Bottle blow: EU court rejects Coca-Cola bottle-shape trademark

The European General Court has ruled that the shape of Coca-Cola’s ‘contour bottle without fluting’ is devoid of distinctive character and does not qualify for registration as an EU trademark (previously known as a Community trademark).

The Coca-Cola Company originally filed an application for registration of an EU trademark for its plastic, glass and metallic bottle design in December 2011. It is specifically for the “shape of a contour bottle without fluting”, and Coca-Cola argued that the relevant public would associate this iteration with its famous iconic bottle. However, the application was rejected.

Coca-Cola appealed, and on March 27 2014 the Second Board of Appeal dismissed the appeal on the grounds that, in relation to the goods at issue, the mark applied for was devoid of distinctive character within the meaning of Article 7(1)(b) and Article 7(3) of Regulation 207/2009.

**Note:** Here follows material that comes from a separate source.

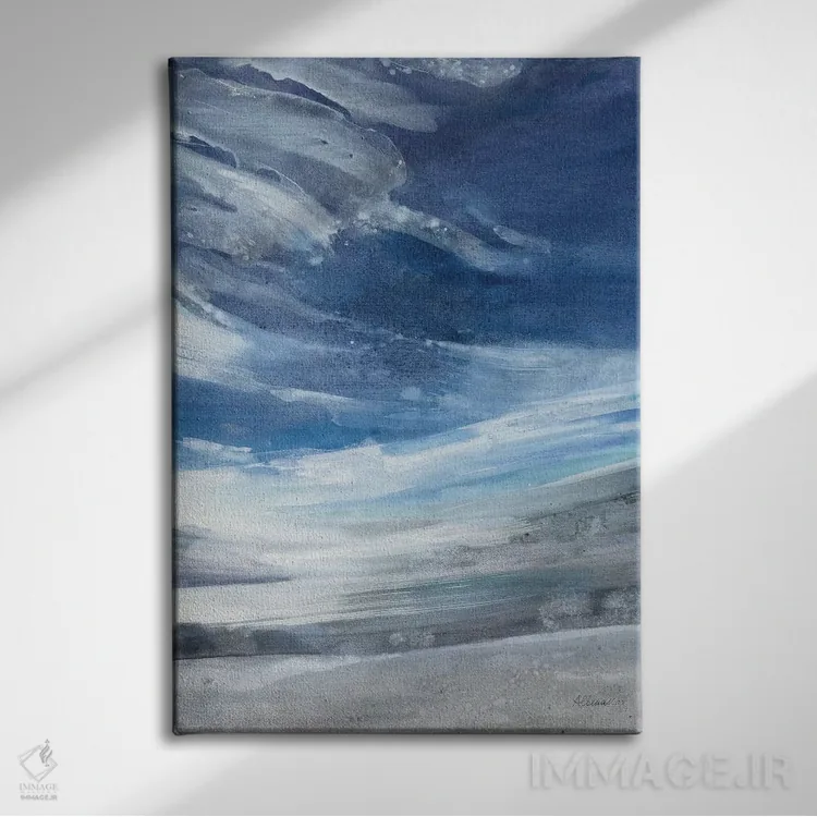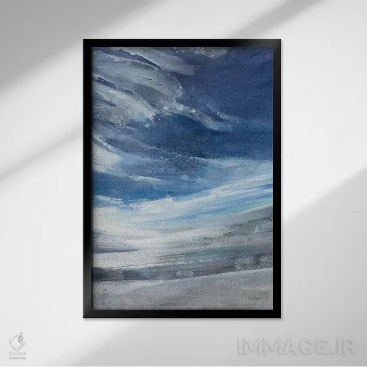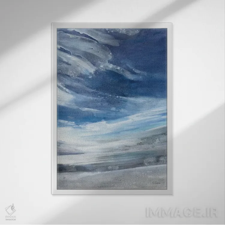 براساس پالت سرد اثر، قاب سفید مات (فریم باریک) پیشنهاد اول است و نقرهای برسخورده (متالیک) مکمل. برای سفارشهای پروژهای با ابعاد و قابهای اختصاصی با ایماژ در تماس باشید.

Two years later, in February 2016 in The Coca-Cola Company v OHIM (Case T 411/14), the General Court ruled on the application. It addressed two pleas in law that Coca-Cola subsequently raised, both relating to demonstrating distinctiveness and alleged infringement within the two articles of Regulation 207/2009. In agreeing with the Board of Appeal throughout the ruling, the General Court thus dismissed the action in its entirety.